Sports News Without Access, Favor, Or Discretion

Here we have a couple intelligent men discussing marijuana during Fox's college football halftime show. Marcus Allen, hall of fame running back, and this other guy are about to have a serious chat about athletes and drugs. Then we hear about the elephant in the living room—as though college kids doing drugs is something old cranks have not been talking about ad nauseam—then Marcus Allen, hall of very good analogizer, said college kids smoking weed, the elephant in the living room, is like the debt crisis. Then that "epidemic" word gets thrown around.

This is all because a former Michigan player came forward and said "several" members of the team smoked pot "hours" before their humiliating loss to Appalachian State. And, yeah, that's probably not a smart thing to do. I can't imagine believing a quarterback when he says "I'm just more creative when I do it, y'know? I see the passes that I'd never see without it and it's's really fulfilling."


If we accept that "several" players smoked pot "hours" before the game, we are also going to accept that such a scenario is the exception in college athletics because it just doesn't make any sense. Yet here we are watching Marcus Allen and this other guy talk about an epidemic in college sports that is not related to exploiting minors for financial gain. No, let's talk about how five years after Michigan was thoroughly embarrassed, some guy on the team says they wanted to see if they could beat them stoned. And let's treat that as a real story.

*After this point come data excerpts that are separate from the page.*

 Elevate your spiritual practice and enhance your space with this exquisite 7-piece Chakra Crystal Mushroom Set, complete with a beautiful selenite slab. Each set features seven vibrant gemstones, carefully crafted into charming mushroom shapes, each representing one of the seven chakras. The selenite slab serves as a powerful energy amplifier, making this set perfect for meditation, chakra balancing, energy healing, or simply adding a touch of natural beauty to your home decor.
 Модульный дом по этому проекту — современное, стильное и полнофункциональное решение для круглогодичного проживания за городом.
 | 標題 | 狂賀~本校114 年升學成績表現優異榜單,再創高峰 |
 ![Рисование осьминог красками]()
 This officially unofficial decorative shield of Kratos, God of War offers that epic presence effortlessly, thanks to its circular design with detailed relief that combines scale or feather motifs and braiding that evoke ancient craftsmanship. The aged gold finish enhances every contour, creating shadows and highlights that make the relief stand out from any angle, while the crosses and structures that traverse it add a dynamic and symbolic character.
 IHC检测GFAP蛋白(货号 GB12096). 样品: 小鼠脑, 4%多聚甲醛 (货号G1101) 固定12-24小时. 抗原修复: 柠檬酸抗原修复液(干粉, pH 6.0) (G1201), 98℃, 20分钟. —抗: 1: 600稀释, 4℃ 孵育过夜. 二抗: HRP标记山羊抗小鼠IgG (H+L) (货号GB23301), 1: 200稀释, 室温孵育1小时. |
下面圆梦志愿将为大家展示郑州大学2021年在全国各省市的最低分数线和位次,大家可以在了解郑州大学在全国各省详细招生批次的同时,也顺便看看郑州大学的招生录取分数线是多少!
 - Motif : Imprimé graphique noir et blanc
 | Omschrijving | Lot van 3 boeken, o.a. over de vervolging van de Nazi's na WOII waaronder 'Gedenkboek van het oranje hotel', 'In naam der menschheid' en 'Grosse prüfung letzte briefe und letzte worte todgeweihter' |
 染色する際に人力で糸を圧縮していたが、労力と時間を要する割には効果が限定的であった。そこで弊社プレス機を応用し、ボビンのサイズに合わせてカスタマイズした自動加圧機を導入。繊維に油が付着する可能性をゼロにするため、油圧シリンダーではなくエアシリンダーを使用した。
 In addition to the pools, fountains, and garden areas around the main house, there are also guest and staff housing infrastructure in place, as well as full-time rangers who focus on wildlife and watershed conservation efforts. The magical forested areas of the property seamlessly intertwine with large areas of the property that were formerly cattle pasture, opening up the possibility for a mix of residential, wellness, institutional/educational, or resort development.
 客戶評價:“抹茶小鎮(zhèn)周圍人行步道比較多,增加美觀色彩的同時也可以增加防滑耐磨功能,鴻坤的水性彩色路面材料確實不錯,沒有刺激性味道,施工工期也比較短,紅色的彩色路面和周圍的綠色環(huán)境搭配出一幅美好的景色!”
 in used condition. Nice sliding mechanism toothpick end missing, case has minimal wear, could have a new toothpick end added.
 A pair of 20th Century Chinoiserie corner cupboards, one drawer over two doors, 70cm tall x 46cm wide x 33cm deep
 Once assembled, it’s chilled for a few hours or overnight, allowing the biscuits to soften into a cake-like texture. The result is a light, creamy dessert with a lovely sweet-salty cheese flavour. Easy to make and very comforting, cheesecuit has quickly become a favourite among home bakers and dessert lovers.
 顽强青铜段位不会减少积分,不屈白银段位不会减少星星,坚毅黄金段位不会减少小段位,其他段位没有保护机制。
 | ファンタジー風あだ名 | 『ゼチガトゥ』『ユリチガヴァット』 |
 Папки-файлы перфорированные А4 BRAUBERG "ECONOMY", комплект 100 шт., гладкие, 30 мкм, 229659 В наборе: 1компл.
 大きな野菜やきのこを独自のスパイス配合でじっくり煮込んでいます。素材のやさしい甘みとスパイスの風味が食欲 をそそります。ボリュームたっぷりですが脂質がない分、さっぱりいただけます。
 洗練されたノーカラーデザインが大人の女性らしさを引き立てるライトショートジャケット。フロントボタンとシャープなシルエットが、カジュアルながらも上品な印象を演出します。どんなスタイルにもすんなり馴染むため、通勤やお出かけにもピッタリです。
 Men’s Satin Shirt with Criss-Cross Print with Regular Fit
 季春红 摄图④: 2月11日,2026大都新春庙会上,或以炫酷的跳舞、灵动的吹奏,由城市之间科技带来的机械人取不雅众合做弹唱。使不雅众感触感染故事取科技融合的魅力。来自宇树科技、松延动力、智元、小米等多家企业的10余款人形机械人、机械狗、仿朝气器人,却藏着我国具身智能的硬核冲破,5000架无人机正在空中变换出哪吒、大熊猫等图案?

Smoking pot is not an epidemic. Smoking pot before a college football game—that you are playing in—is definitely not an epidemic. The Plague was an epidemic. AIDS is an epidemic. The sports reporting community's obsession with drugs is a fucking epidemic. Especially in college. It's a strain of paternalism that would make Kipling's ears ring and it sneaks through the door because "crime" can be passed off as "legitimate news." We're talking about serious issues now, not just athletics.


That's the state of sports consumption we are in right now. But, what any of this has to do with the debt crisis other than that Marcus Allen says we are not talking about it when literally it is all that anyone can talk about, is beyond me.